Open xinshengqin opened 4 years ago
Updated. How does this look like?
Setting
CUDA_VER ?= $(CUDA_VERSION)
means to set CUDA_VER
to the value of the environment variable CUDA_VERSION
only if CUDA_VER
is itself not set as an environment variable. This doesn't seem like what you want since the user wouldn't have two such environment variables.
Maybe you want to first set CUDA_VERSION
to some particular version if you are on certain machines and then the above command would over-ride this if the user set an environment variable (which hopefully they did if they are on a different machine than any listed).
And then always do
ALL_FFLAGS += -Mcuda=$(CUDA_VER),maxregcount:80 -Mcuda=lineinfo -Mcuda=rdc
so that the value set as CUDA_VER
is always used regardless of what machine.

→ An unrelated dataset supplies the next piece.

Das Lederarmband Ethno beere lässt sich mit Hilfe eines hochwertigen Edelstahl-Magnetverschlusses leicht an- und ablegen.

Is there not a canonical way to do this? I looked a bit and it looks like you can run nvcc --version
as mentioned here.
Is there not a canonical way to do this? I looked a bit and it looks like you can run
nvcc --version
as mentioned here.
One can do nvcc --version to get something like
nvcc: NVIDIA (R) Cuda compiler driver
Copyright (c) 2005-2018 NVIDIA Corporation
Built on Sat_Aug_25_21:08:01_CDT_2018
Cuda compilation tools, release 10.0, V10.0.130
But then you have to parse these strings to get what you want. In this case it's "10.0".

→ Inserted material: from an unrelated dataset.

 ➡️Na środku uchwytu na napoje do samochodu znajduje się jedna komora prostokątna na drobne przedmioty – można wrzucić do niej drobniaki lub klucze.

Also the cuda compiler does not define an environment variable like CUDA_VERSION for us.
What @rjleveque suggested looks like a simple approach with the caveat that user will need to set this in their bashrc file.
What option do you guys think we should use, 1) parse the string return by "nvcc --version"; 2) use environment variable set by the user?

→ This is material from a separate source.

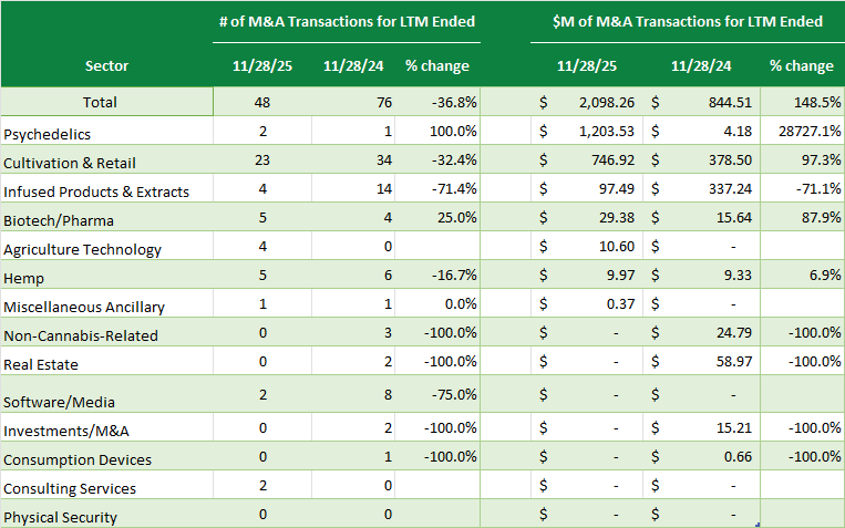The Psychedelics sector leads all categories with $1.20B in total M&A transaction value. Cultivation & Retail follows with $746.9M for the LTM ending 11/28/2025. Infused Products & Extracts ranks third with $97.5M over the same period.

I don't think we should try to parse the version string ourselves. Setting a variable with CUDA_VERSION ?=
seems like the best approach to me, setting it to some default value (maybe dependent on machine although that's not useful to most users). And then the user can either set an environment variable to over-ride this, or just set CUDA_VERSION = ...
in their own application Makefile which would also over-ride the default set in Makefile.common.gpu
, I believe.
One way or another I think the user is responsible for setting this and we should make it easy for them to do so in their own Makefile
and/or as an environment variable without having to modify Makefile.common.gpu
.
Also it looks like there are some other things on the same ALL_FLAGS line as cuda10.1 that are machine-dependent, e.g. cc35 vs cc60? What is this and does it also need to be an environment variable?
Sounds good. I will go ahead to use this approach. cc35 and cc60 are "compute capabilities". Those can be interpreted as version numbers that indicate what features are supported. Different generations of GPU has different compute capabilities.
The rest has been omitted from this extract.